Top of Available data

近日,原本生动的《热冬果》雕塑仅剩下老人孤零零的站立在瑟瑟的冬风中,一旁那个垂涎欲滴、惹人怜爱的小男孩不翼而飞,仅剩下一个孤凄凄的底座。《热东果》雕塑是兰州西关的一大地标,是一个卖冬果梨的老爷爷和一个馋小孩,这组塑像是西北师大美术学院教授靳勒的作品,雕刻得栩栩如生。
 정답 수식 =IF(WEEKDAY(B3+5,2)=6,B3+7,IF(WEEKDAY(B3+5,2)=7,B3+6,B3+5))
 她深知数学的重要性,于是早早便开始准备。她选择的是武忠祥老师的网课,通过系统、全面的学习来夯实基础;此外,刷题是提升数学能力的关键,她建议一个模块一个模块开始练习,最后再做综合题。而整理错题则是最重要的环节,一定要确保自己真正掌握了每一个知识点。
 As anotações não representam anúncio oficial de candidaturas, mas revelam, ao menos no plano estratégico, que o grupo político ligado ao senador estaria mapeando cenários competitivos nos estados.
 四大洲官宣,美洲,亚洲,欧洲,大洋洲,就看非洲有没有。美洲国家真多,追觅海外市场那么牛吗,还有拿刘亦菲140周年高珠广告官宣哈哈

Bottom of Available data
Top of Available data

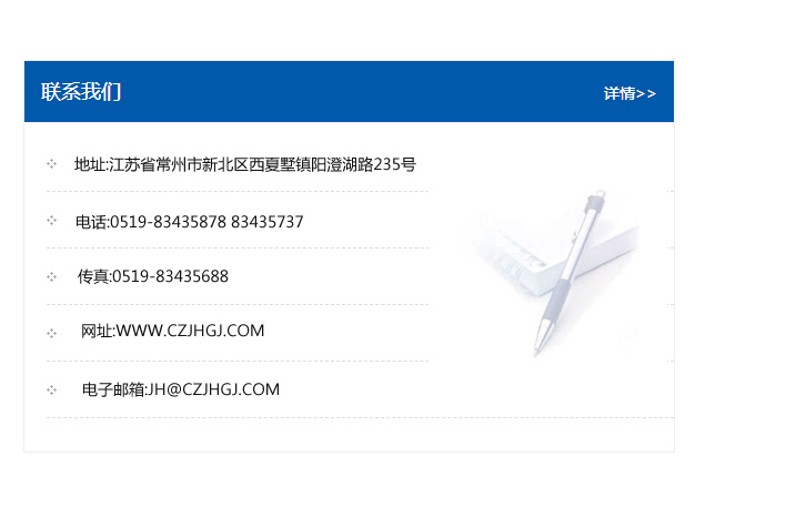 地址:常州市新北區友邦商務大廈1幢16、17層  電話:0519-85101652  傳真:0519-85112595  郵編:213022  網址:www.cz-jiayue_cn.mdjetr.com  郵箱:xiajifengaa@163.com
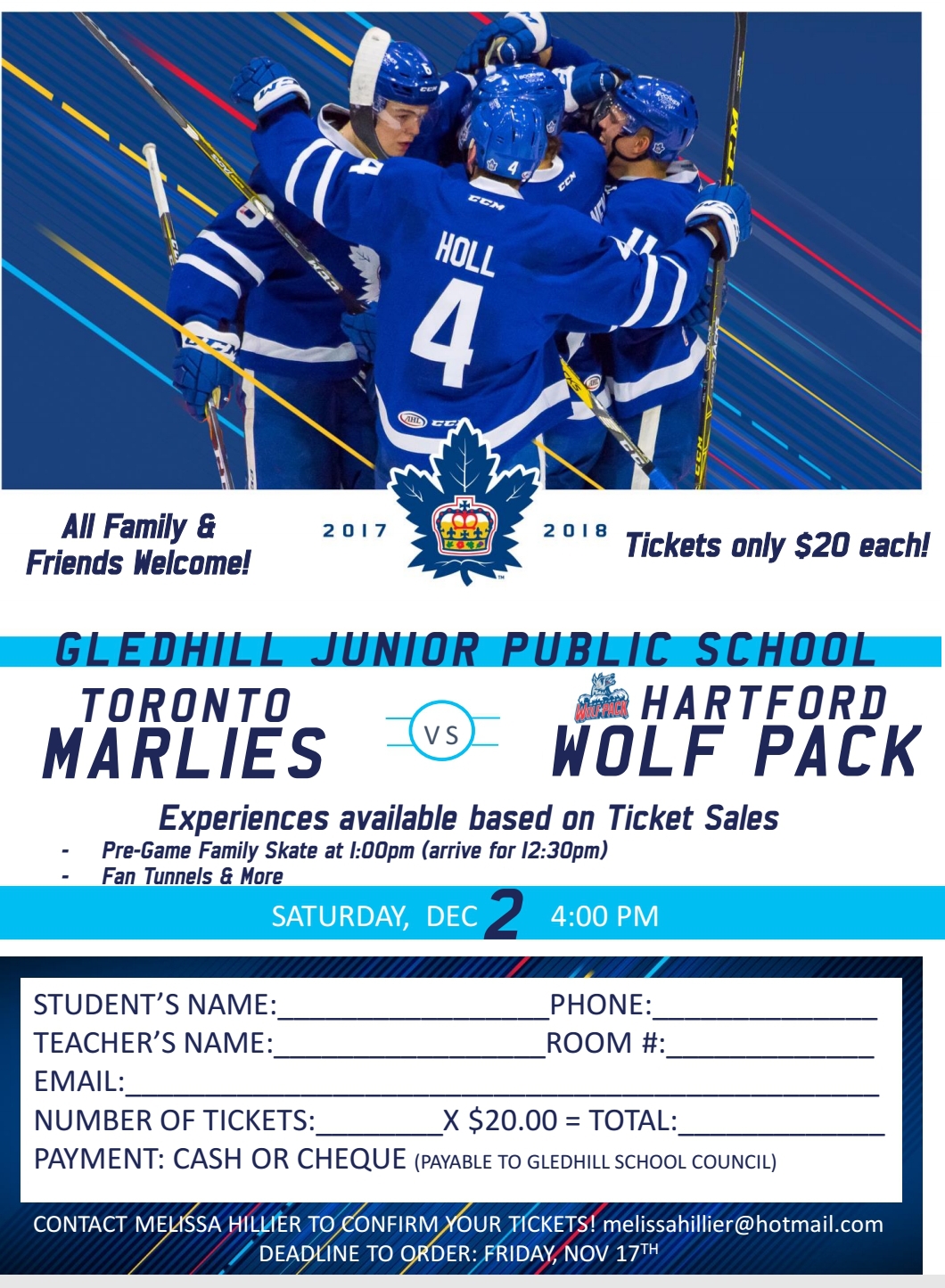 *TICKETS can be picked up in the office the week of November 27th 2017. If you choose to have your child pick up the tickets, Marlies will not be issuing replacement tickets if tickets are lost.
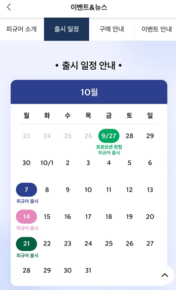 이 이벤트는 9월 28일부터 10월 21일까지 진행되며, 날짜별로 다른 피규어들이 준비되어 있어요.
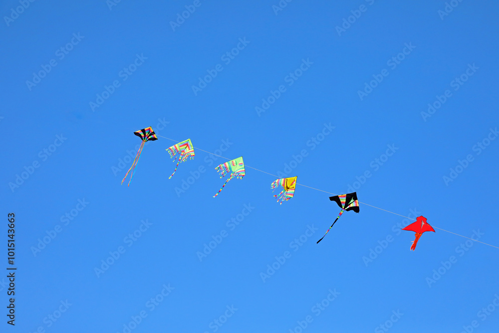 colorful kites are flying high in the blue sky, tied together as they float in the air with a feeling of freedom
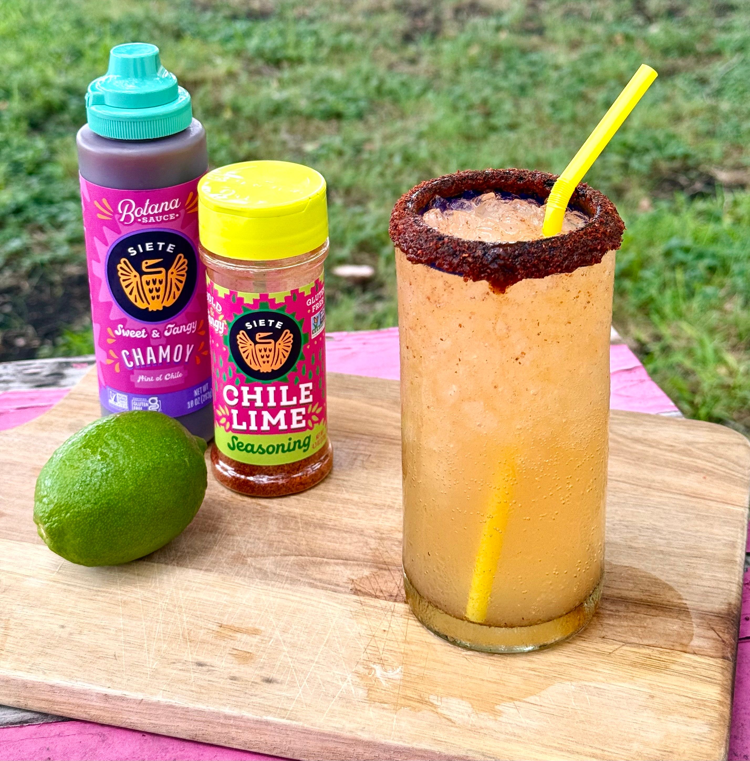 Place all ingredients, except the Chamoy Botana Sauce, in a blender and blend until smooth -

Bottom of Available data

_Exercise_: Only one stretch of the data is wanted: write out exactly the lines from the one holding "이 이벤트는 9월 28일부터" through the one holding "Place all ingredients, except", both included, without the pictures.

_Completed exercise_:
 이 이벤트는 9월 28일부터 10월 21일까지 진행되며, 날짜별로 다른 피규어들이 준비되어 있어요.
 colorful kites are flying high in the blue sky, tied together as they float in the air with a feeling of freedom
 Place all ingredients, except the Chamoy Botana Sauce, in a blender and blend until smooth -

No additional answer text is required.